Additionally, for CV2 systems the pressurized containment volume CV2P is,

CV2P ≦CV2 /2=CV

According to the present invention, and considering advanced vehicles with a ratio of vehicle curb weight to engine displacement greater than 1200 kg/L, the minimum SFGC conduit containment volume is generally greater than 30 D, and preferably greater than 60 D. In general, the SFGC conduit containment volume is greater than 30 liters, and preferably greater than 60 liters. In any event, conduit 12 is generally large enough to retain at least 30 liters of segment A.

Referring now to FIG. 1b, an optional valve 81 may be located in two directional flow pipe 16 or the downstream end of conduit 12. Valve 81 may be closed by a spring 82 or other means such as an actuator controlled by controller 28. Valve 81 is opened by gas pressure in conduit 12 or by other means such as an actuator controlled by controller 28. According to the present invention, a stiff spring 82 may be used so that valve 81 opens only after significant pressure develops in conduit 12. Alternatively, valve 81 may be opened by an actuator after significant pressure develops in conduit 12. Preferably, the pressure in conduit 12 is more than 10 psi above atmospheric pressure before valve 81 opens. According to the present invention, exhaust gas containing harmful constituents is compressed in conduit 12, enabling a smaller SFGC conduit to be used and/or a greater total mass of exhaust gas to be contained and purified according to the present invention. Those skilled in the art will appreciate that valve 81 may be a poppet valve, a butterfly valve, or other type of valve for containing gas in conduit 12. Preferably the maximum pressure in conduit 12 is greater than 10 psi in order to increase the amount of exhaust gas contained in conduit 12, and less than 150 psi in order to minimize the structural requirements of conduit 12 and valves 22 and 81. A maximum pressure below 60 psi is preferable for not causing adverse back pressure in some engines. An added advantage of pressurizing the exhaust line is that the catalytic converter warms up more quickly and the light-off time of the catalytic converter is reduced due to the increased temperature, pressure, and heat transfer within the catalytic converter during engine start-up. Flow straightners 84s may be installed inside conduit 12 or conduit 16 to minimize turbulence in side of conduit 12, and subsequent mixing of gasses A and B. Flow straightner 84s may be combined with emissions trap 84 (shown in FIG. 1).

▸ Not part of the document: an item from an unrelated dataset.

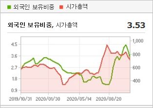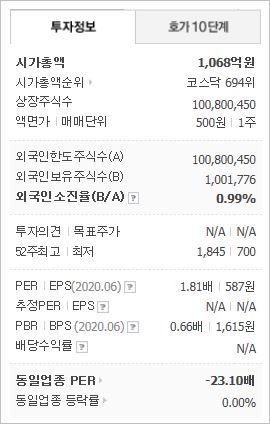 시가총액 1,068억원으로 코스닥 694위를 기록하고 있으며, 외국인소진율은 0.99% 입니다. 2020년 6월 기준, PER 1.81배, PBR 0.66배이며, 배당수익률은 없습니다.
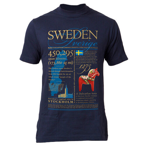 Snygg t-shirt från Nordic Souvenir, med fakta om Sverige samt en dalahäst.

According to the present invention, a smaller SFGC conduit containment volume is generally required for lighter vehicles, and a larger containment volume is generally required for heavier vehicles. Specifically, according to the present invention, the SFGC containment volume required to contain and purify the emissions exhausted from the engine before the catalytic converter reaches its light-off temperature is between 0.025 and 0.25 liters per kilogram of vehicle weight, depending on engine displacement and other factors. For example, the Honda ULEV Accord has a curb weight of 1400 kilograms and a 2.3 liter engine. The required SFGC containment volume is then approximately equal to or less than,

Cv≦0.25Cw=0.25(1400)=350 liters

The size of the SFGC conduit is practical for automotive applications. For example, in a number of mini vans their is open space in the undercarriage of the vehicle for placement of a 600 liter SFGC conduit with no reduction of ground clearance or interior volume within the mini van. The present invention is particularly useful for attaining the proposed California Super Ultra Low Emission Vehicle (SULEV) emission standard, and for attaining full-fuel-cycle emissions that are similar in magnitude to that of electric vehicles, taking into consideration emissions from the power plants that generate the electricity. While a 400 liter (106 gallon) SFGC containment volume is somewhat large for a passenger car, it is generally smaller, and extremely lighter and extremely less expensive than the lead acid and/or nickel-metal hydride batteries used on most electric vehicles. In some embodiments of the present invention described above, the SULEV emission standard can be attained with a SFGC conduit containment volume significantly smaller than 400 liters. For example, a SFGC conduit volume less than 226 liters is effective for attaining the SULEV standard in the high efficiency vehicle described above having fewer than three cylinders.

In contrast to the relatively small size of the SFGC conduit according to the present invention, tank 12b of system H shown in FIG. 3 is impractical for automotive applications due to its large size. For example, the tank illustrated in FIG. 3 is about fifteen times larger than the SFGC conduit 12 illustrated in FIG. 4. Thus tank 12b is impractical for use in passenger cars and light duty trucks because tank 12b is too large to install without substantially changing the shape and/or carrying capacity of the vehicle. Additionally, the contained gas volume within tank 12b is too large to be recycled back to the engine in the time available on typical driving trips, and consequently a significant portion of harmful exhaust emissions would be released to the atmosphere.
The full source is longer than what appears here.